Given any dfa $M$, application of the procedure 'reduce' (see below) yields another dfa $\hat{M}$ such that $M$ and $\hat{M}$ are equivalent. Furthermore $\hat{M}$ is minimal in the sense that there is no other dfa with a smaller number of states that also accepts $L(M)$

First some background information:

The 'reduce' procedure:

Given a dfa $M=\left(Q, \Sigma, \delta, q_{0}, F\right)$, we construct a reduced dfa $\widehat{M}=(\widehat{Q}, \Sigma, \widehat{\delta}, \widehat{q}, \widehat{F})$ as follows.

  1. Use procedure mark to generate the equivalence classes, say $\left\{q_{i}, q_{j}, \ldots, q_{k}\right\}$, as described.
  2. For each set $\left\{q_{i}, q_{j}, \ldots, q_{k}\right\}$ of such indistinguishable states, create a state labeled $i j \ldots k$ for $\widehat{M}$.
  3. For each transition rule of $M$ of the form $$ \delta\left(q_{r}, a\right)=q_{p}, $$ find the sets to which $q_{r}$ and $q_{p}$ belong.
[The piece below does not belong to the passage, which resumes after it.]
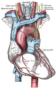 | | | Relations.The arch of the aorta is covered anteriorly by the pleuræ and anterior margins of the lungs, and by the remains of the thymus. As the vessel runs backward its left side is in contact with the left lung and pleura. Passing downward on the left side of this part of the arch are four nerves; in order from before backward these are, the left phrenic, the lower of the superior cardiac branches of the left vagus, the superior cardiac branch of the left sympathetic, and the trunk of the left vagus. As the last nerve crosses the arch it gives off its recurrent branch, which hooks around below the vessel and then passes upward on its right side. The highest left intercostal vein runs obliquely upward and forward on the left side of the arch, between the phrenic and vagus nerves. On the right are the deep part of the cardiac plexus, the left recurrent nerve, the esophagus, and the thoracic duct; the trachea lies behind and to the right of the vessel. Above are the innominate, left common carotid, and left subclavian arteries, which arise from the convexity of the arch and are crossed close to their origins by the left innominate vein. Below are the bifurcation of the pulmonary artery, the left bronchus, the ligamentum arteriosum, the superficial part of the cardiac plexus, and the left recurrent nerve. As already stated, the ligamentum arteriosum connects the commencement of the left pulmonary artery to the aortic arch. | 9 |

If $q_{r} \in\left\{q_{i}, q_{j}, \ldots, q_{k}\right\}$ and $q_{p} \in\left\{q_{l}, q_{m}, \ldots, q_{n}\right\}$, add to $\widehat{\delta}$ a rule $$ \widehat{\delta}(i j \cdots k, a)=l m \cdots n . $$
  4. The initial state $\widehat{q}_{0}$ is that state of $\widehat{M}_{\text {}}$ whose label includes the 0 .
  5. $\widehat{F}$ is the set of all the states whose label contains $i$ such that $q_{i} \in F$.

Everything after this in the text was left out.